Typically most C programmers are told that “arrays are the same as pointers”. This can be dangerous because it sets the wrong tone, and is really a half-truth. It’s a bit of a chicken and egg problem. Arrays look like pointers, and pointers can refer to array objects.

For example, people sometimes think that char s[] is identical to char *s. But they aren’t identical. The array declaration char s[12] requests that space for 12 characters be set aside, to be known by the name s. The pointer declaration char *p, on the other hand, requests a place that holds a pointer, to be known by the name p. This pointer can point to almost anywhere: to any char, to any contiguous array of chars, or frankly nowhere. To illustrate this better consider the following example the following declarations:

char s[] = "tauntaun";
char *p = "dewback";

would produce structures of the form:

A reference like m[4] then generates different code, depending on whether m is an array, or a pointer. When a compiler sees s[4], it starts at location s[0], moves 4 elements past it, and obtains the character there. When it sees expression p[4], it starts at the location p, obtains the pointer value there, adds 4 to the pointer, and finally obtains the character pointed to.

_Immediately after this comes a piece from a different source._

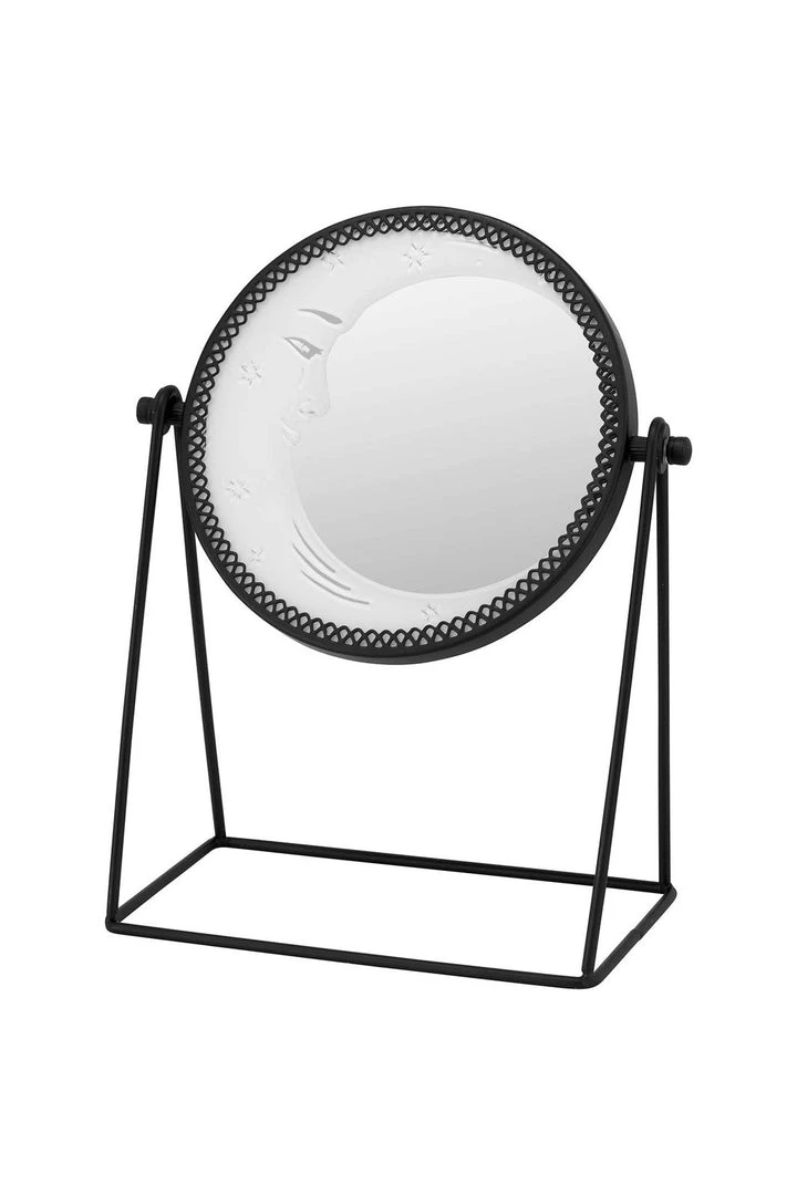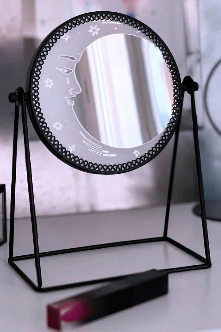 Mirror, mirror on the wall… Add your own dash of moon magic to any room; the enchanted ‘Astral Body’ round desk mirror is perfect for your finishing touches! The perfect size to keep on your desk/vanity table, rounded shape with black iron finish and stand and crescent moon decoration.

The reality is that it’s really easy to get confused in C, especially when books say things like “an array is merely a cleverly disguised pointer”. Here is a further example.

char s[] = "tauntaun";
char *p = s;

In this case, p is a pointer to char; it refers to a block of memory large enough to hold the address of a single char object. It is initialized to point to the first element in s. So *p is equivalent to s[0], *(p+1) is the same as s[1], etc.

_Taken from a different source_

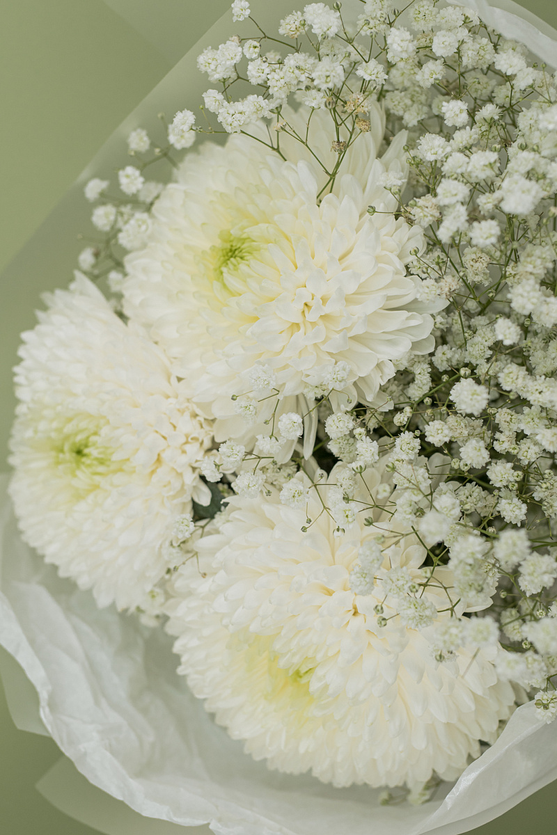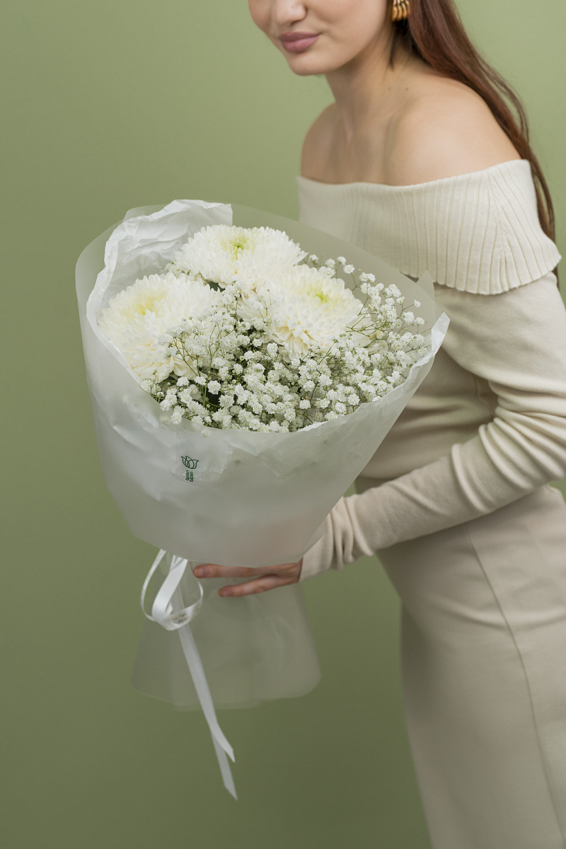 Благодаря дополнению из гипсофилы - ваш букет будет радовать вас своей свежестью и красотой на протяжении долгого времени.

One of the reasons people get confused is because books say things like “the compiler converts array subscripts into pointer dereferences, s[i] becomes *(s+i)“. Or they go further down the rabbit hole and declare the following are all equivalent:

s[i]
*((s)+(i))
*((i)+(s))
i[s]

Which they are, but it’s not something that novice C programmers should be exposed to. Why are they equivalent? Because array subscripting is defined in terms of pointer operations. If you don’t believe me, then consider what C’s creator Dennis Ritchie has to say about it [1]. Arrays in C’s predecessors, B and BCPL were pointers, as they were in the extended language “new B”. But there were issues, specifically with arrays and the creation of structured (record) types – if they contained an array there was “no convenient place to stash the pointer”.

“The solution constituted the crucial jump in the evolutionary chain between typeless BCPL and typed C. It eliminated the materialization of the pointer in storage, and instead caused the creation of the pointer when the array name is mentioned in an expression. The rule, which survives in today’s C, is that values of array type are converted, when they appear in expressions, into pointers to the first of the objects making up the array.”

Dennis Ritchie [1]

Too many books fail to explain when arrays are pointers and when they are not.

  1. Dennis Ritchie, “The Development of the C Language“, Bell Labs (1993)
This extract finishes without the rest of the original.